The contractual terms of equity derivative transactions are often documented in a Confirmation14 that incorporates certain provisions contained in one or more ISDA Agreements.15 The provisions of these ISDA agreements are voluminous and complex. A thorough analysis of these provisions is required to determine whether the contract is indexed to the company's stock, as interpreted by EITF 01-6,16 and classified in stockholders' equity, as interpreted by EITF 00-19.17

Indexed to the company's stock. The staff has not taken any definitive position on whether the provisions of the relevant ISDA Agreements18 are consistent with the indexation requirements in EITF 01-6, although we are aware of diversity in practice. Pending clarification in EITF 07-519, the staff believes management should carefully consider all of the applicable provisions in the transaction Confirmation and related ISDA Agreements in formulating a judgment regarding the application of EITF 01-6.

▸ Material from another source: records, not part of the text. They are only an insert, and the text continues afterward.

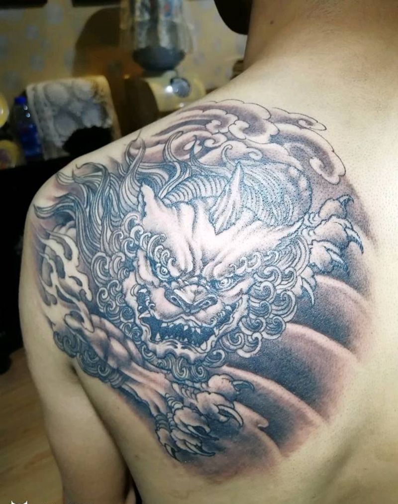 唐狮纹身图片_肩部胸部背部腿部传统纹身图案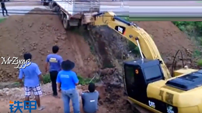 【眼界】卡特挖机深水遇难 好基友前来解困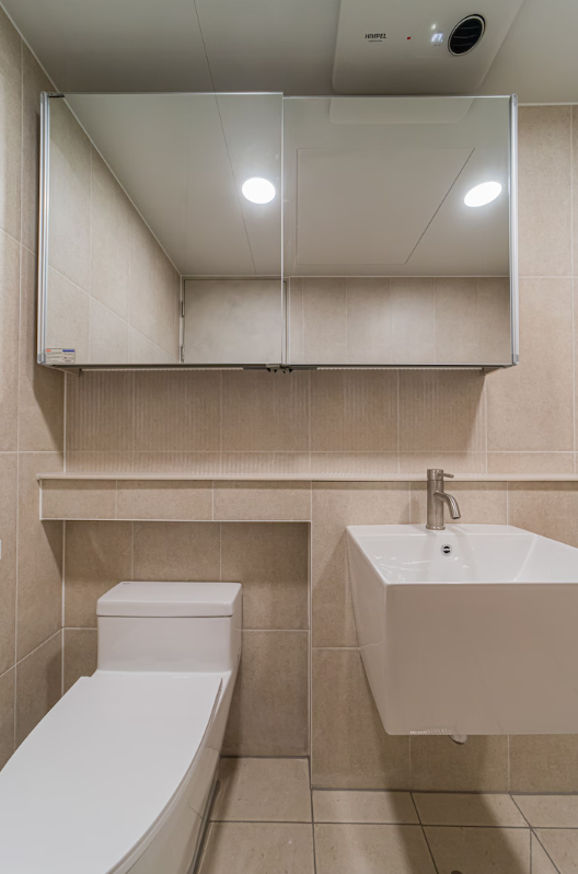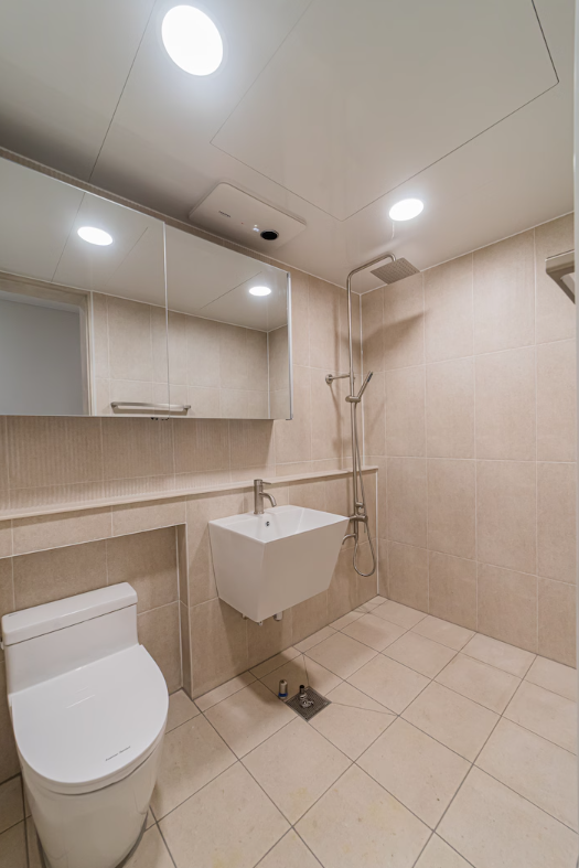 거실 화장실은 전반적으로 밝은 아이보리 톤으로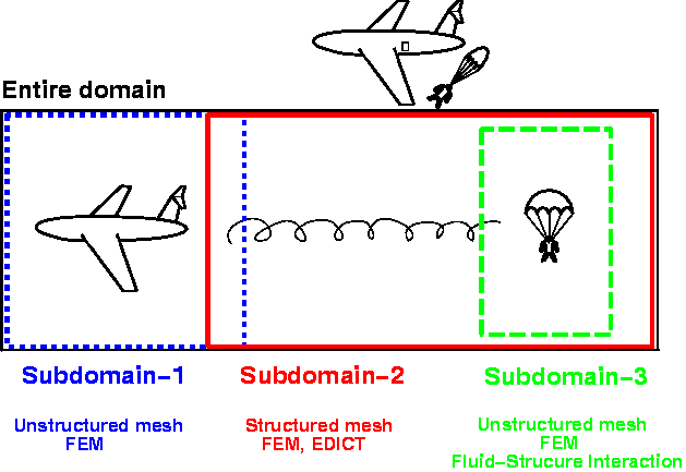 Principal Investigator: This project is part of a greater research effort by the T*AFSM on airdrop systems. Our research on airdrop systems involves extensive collaborations with US Natick Soldier Center and NASA Johnson Space Center. The T*AFSM is working on developing the methods and tools needed to simulate the effect of unsteady wake flow on a paratrooper jumping out of a trailing aircraft and crossing the wake of the leading aircraft. In this project, Mr. McCune and Mr. Kumar were helped by Dr. Yasuo Osawa, at that time a PhD student supervised by Tezduyar.
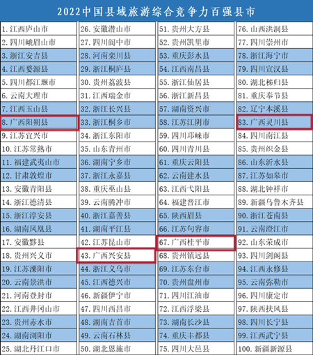 《报告》显示,2022中国旅游百强县市分布在19个省(自治区、直辖市)。其中,广西的阳朔县、兴安县、桂平市、灵川县位列其中。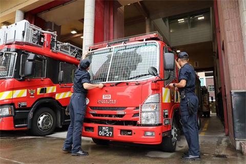 消防局人員於颱風前檢查站內設施、救援工具及緊急車輛等正常運作。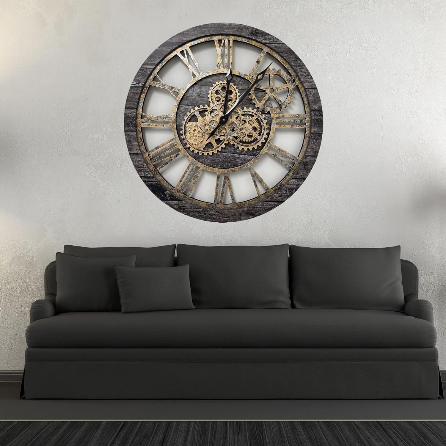 The Gears Clock The Original Real Moving Gear Wall Clock Vintage Industrial Oversized Rustic Farmhouse (24 inch (60cm), Vintage Carbon Grey and Bronze)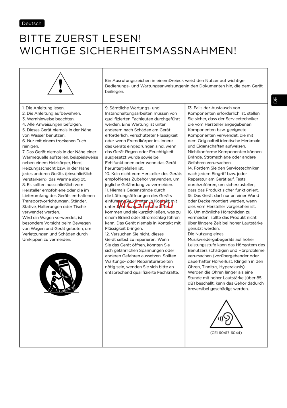 15. Das Gerät darf nur an einer Wand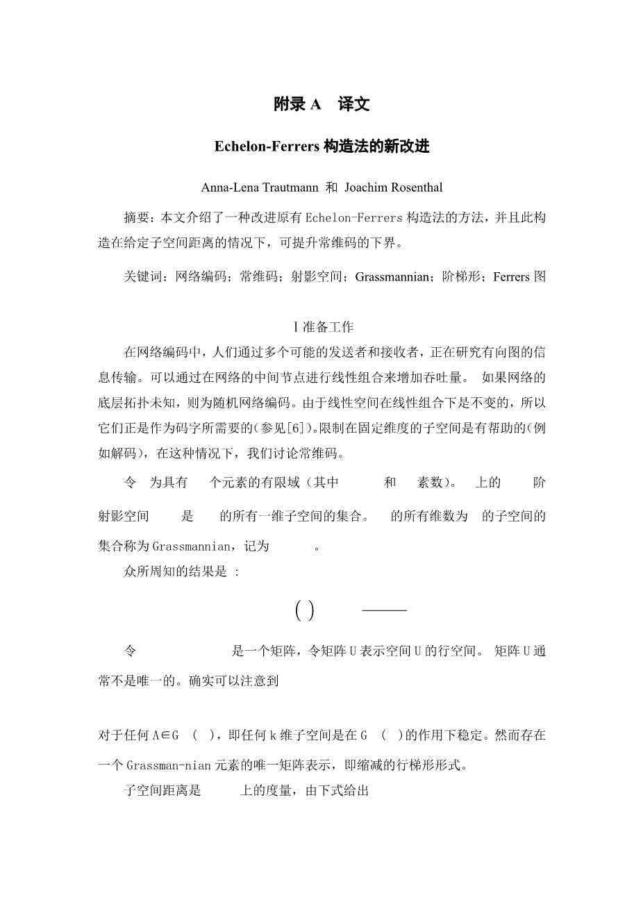 Echelon-Ferrers构造法的新改进外文翻译资料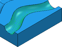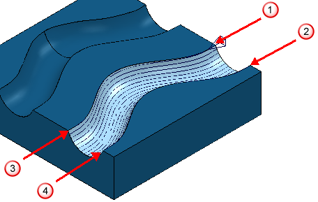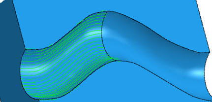 参数参考线限界 - 选择此项可使用“开始”和“结束”域来限制加工区域。此选项仅适用于“曲线投影”精加工。以下示例显示“开始”为 0、“结束”为 0.5 的限界: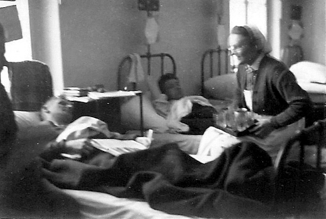 Ich habe diese zwei Fotos von Willi im Lazarett und dachte immer, die wären aus dem 1. Weltkrieg, vor allem, weil aus seiner Kriegsrolle ersichtlich ist, dass er im Winter 1917/18 mehrere Wochen in verschiedenen Lazaretten untergebracht war.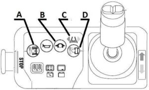 #86. Załączenie mechanizmu jazdy podestu nożycowego realizowane jest poprzez wychylenie dźwigni sterującej po wcześniejszym wciśnięciu przycisku oznaczonego literą: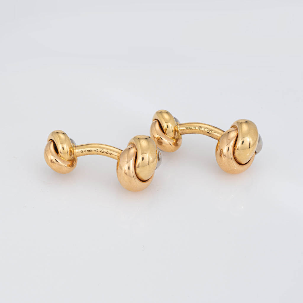 The stylish cufflinks highlight 'knots' to both ends crafted in 18k rose, white and yellow gold. The cufflinks weigh a heavy 21 grams. The high-quality cufflinks would make a great gift to a special someone. No Cartier box or papers.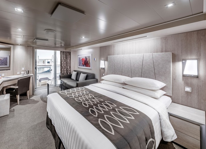 Balkónová kajuta: 16 -17 m², kajuta s manželskou posteľou (na požiadanie 2 oddelené postele) a rozkladacia pohovka. Klimatizácia, kúpeľňa so sprchou alebo vaňou a WC, toaletný stolík, priestranná skriňa, interaktívna TV, telefón, trezor, sušič vlasov, virtuálna asistentka ZOE. Balkóny so stolíkom a stoličkami. Niektoré kajuty majú obmedzený výhľad.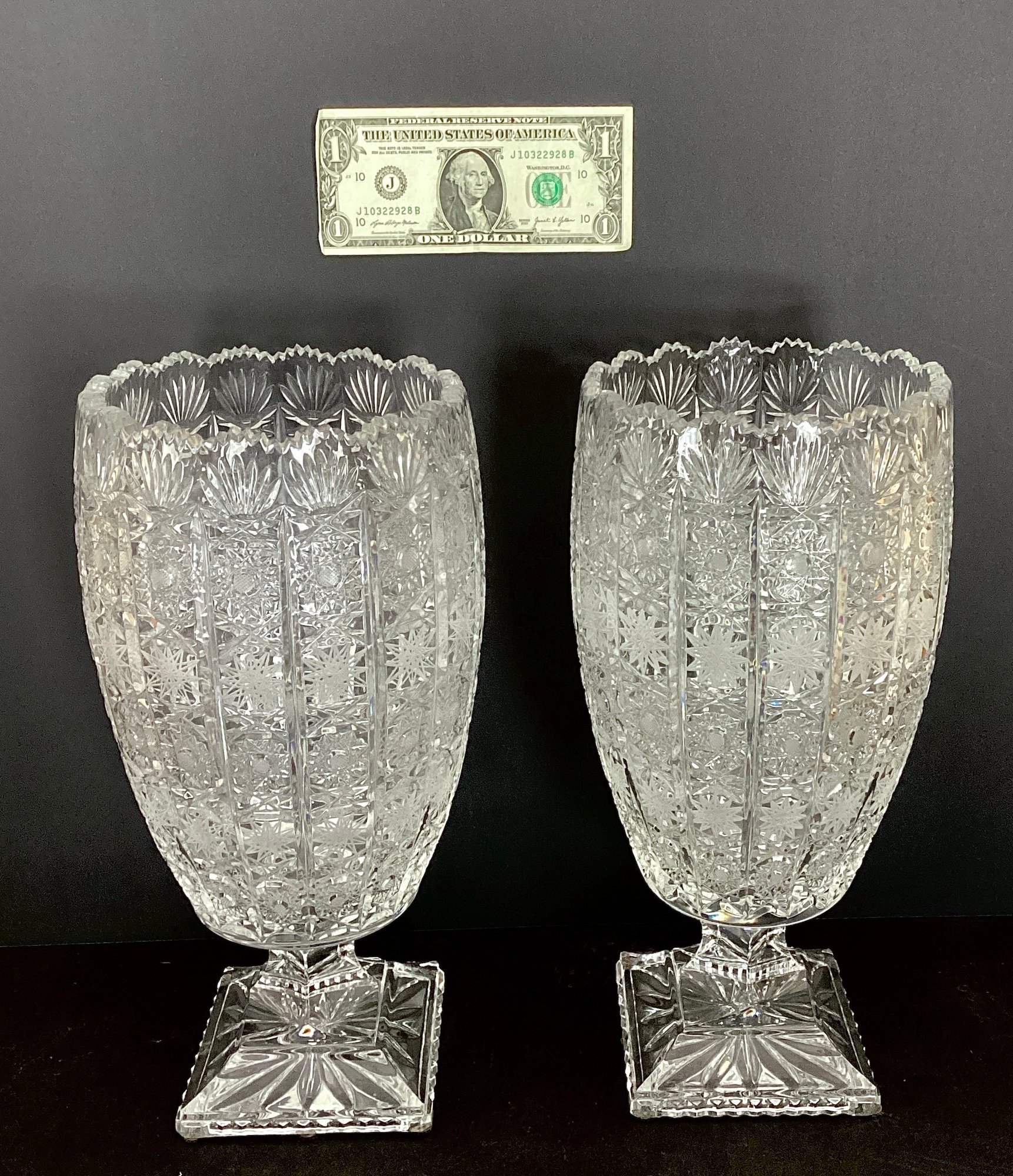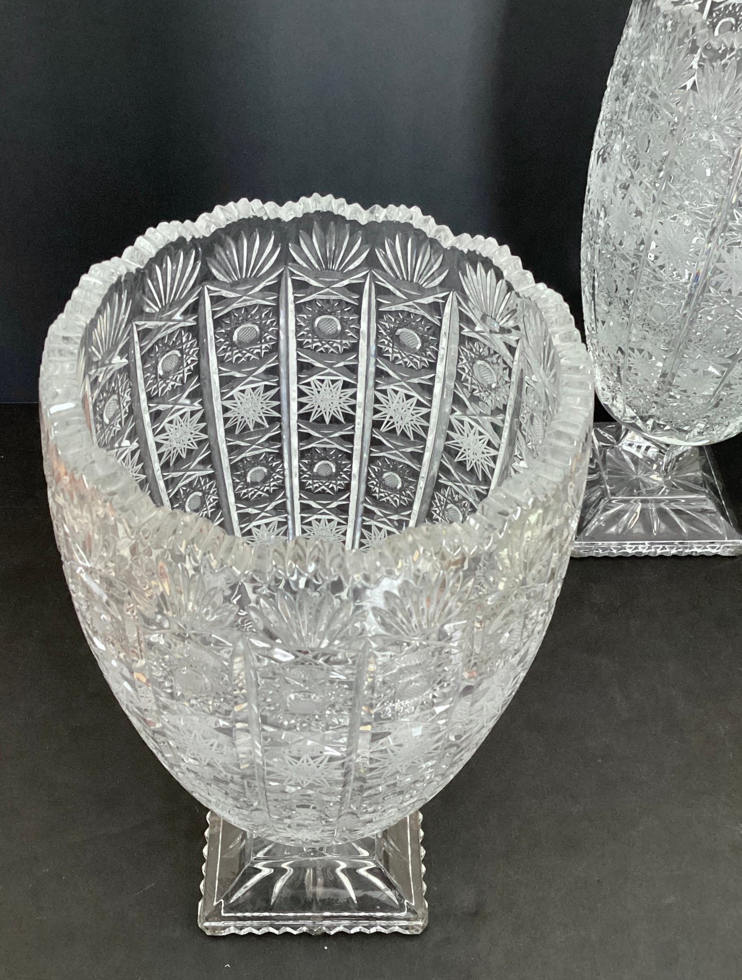 Brilliant cut crystal starbursts no stars pointed arches sawtooth rim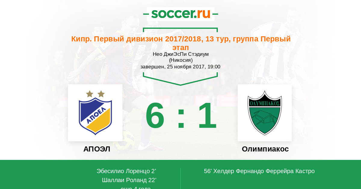 АПОЭЛ - Олимпиакос: обзор матча 25 ноября 2017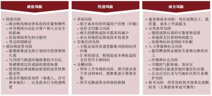 海外电力项目的购电风险较国内项目更为复杂。我国经过电力体制的改革,已经完成了厂网分离(即发电与输配电环节分别由不同企业经营),国内的发电厂发电后销售给电网公司,全国电网主要由两网负责,两网公司通过输配电网向用户提供电能,收取电费,发电、输配电及终端用电价格接受政府指导和监管。因此对于国内的普通发电厂而言,由于下游为电网公司,基本不存在电费无法收回的风险(目前的主要风险为发电设备利用率可能偏低)。而电网公司通过多年的技术和体系迭代,基本实现了预收电费,用户电费拖欠的风险也已可控。但由于电力体系的差别,海外项目面临的购电风险则更为复杂。对于发电项目,下游不论是当地电网还是大用户,信用水平难以与两网企业相比;部分项目电费波动更大,企业对电费的议价能力也可能偏弱。对于电网运营项目,由于基础设施的不完善和经济发展水平的差异,电费欠缴,偷电等行为仍然存在。但是对于设备、工程设计服务的供应商,如果是跟随大型企业出海,则不需要直面海外运营的风险,可能受项目进度影响,与开发商共同承担部分项目风险。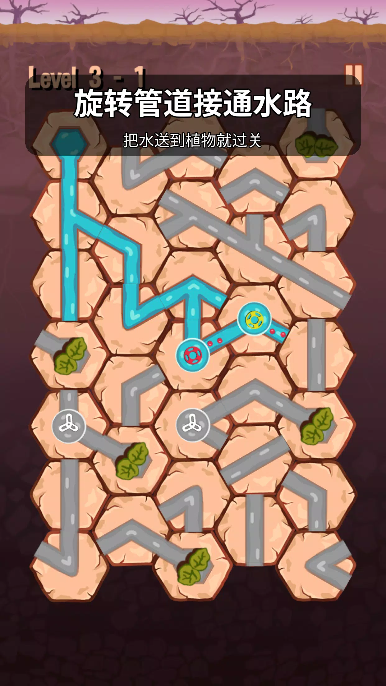 但您必须旋转水管来建立通道,让水可以顺利流到所有植物来完成关卡。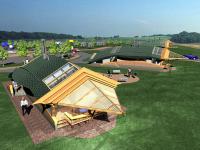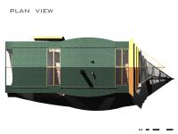 Motel`s dwelling house. House`s roof unifies spaces of garage, dwelling part & terrace. These three elements are situated endwise (along one axis).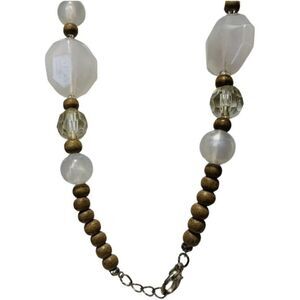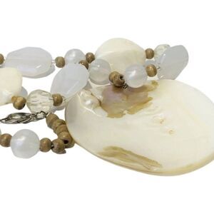 Oversized White Shell Pendant Statement Necklace 19" Icy Glass Beaded Bohemian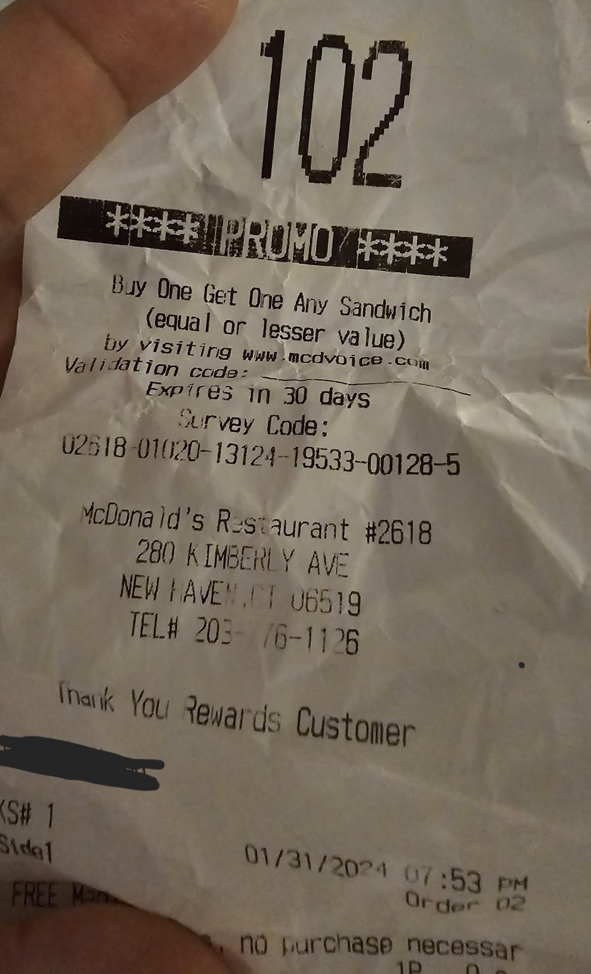 Better training on maintenance of there kiosk machines so that people can receive an actual receipt with survey codes on them, and if the kiosks printers are out of receipt paper making sure they are changed, also proper training on register so they know how to access sales remotely through the main front register.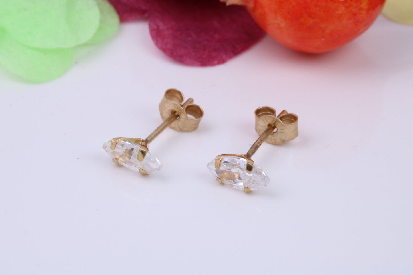 Tiny 5 x 2.50 mm Marquise cut Cubic Zirconia set Stud Earrings, Made from Solid 9ct Yellow Gold

Classification in stockholders' equity. Unlike the diversity regarding indexation, EITF 00-19 is clear that equity classification is precluded if an entity does not control the ability to share settle the contract. The staff understands that the ISDA Agreements incorporated into many equity derivative contracts contain provisions that may allow the counterparty to net-cash settle the contract upon the occurrence of events outside the control of the entity. To address this issue, the transaction Confirmation often includes an overriding provision to allow the entity to share settle the contract upon the occurrence of events outside its control. Absent this provision, the contract may not meet the equity classification requirements in EITF 00-19. The staff would like to remind management of the importance of carefully considering all of the applicable provisions in the transaction Confirmation and related ISDA Agreements in applying EITF 00-19. Considering the complexity of the issues, the staff encourages management and auditors to consult with the Office of the Chief Accountant when specific questions arise regarding the application of EITF 00-19.

That concludes my prepared remarks. Thank you for your time.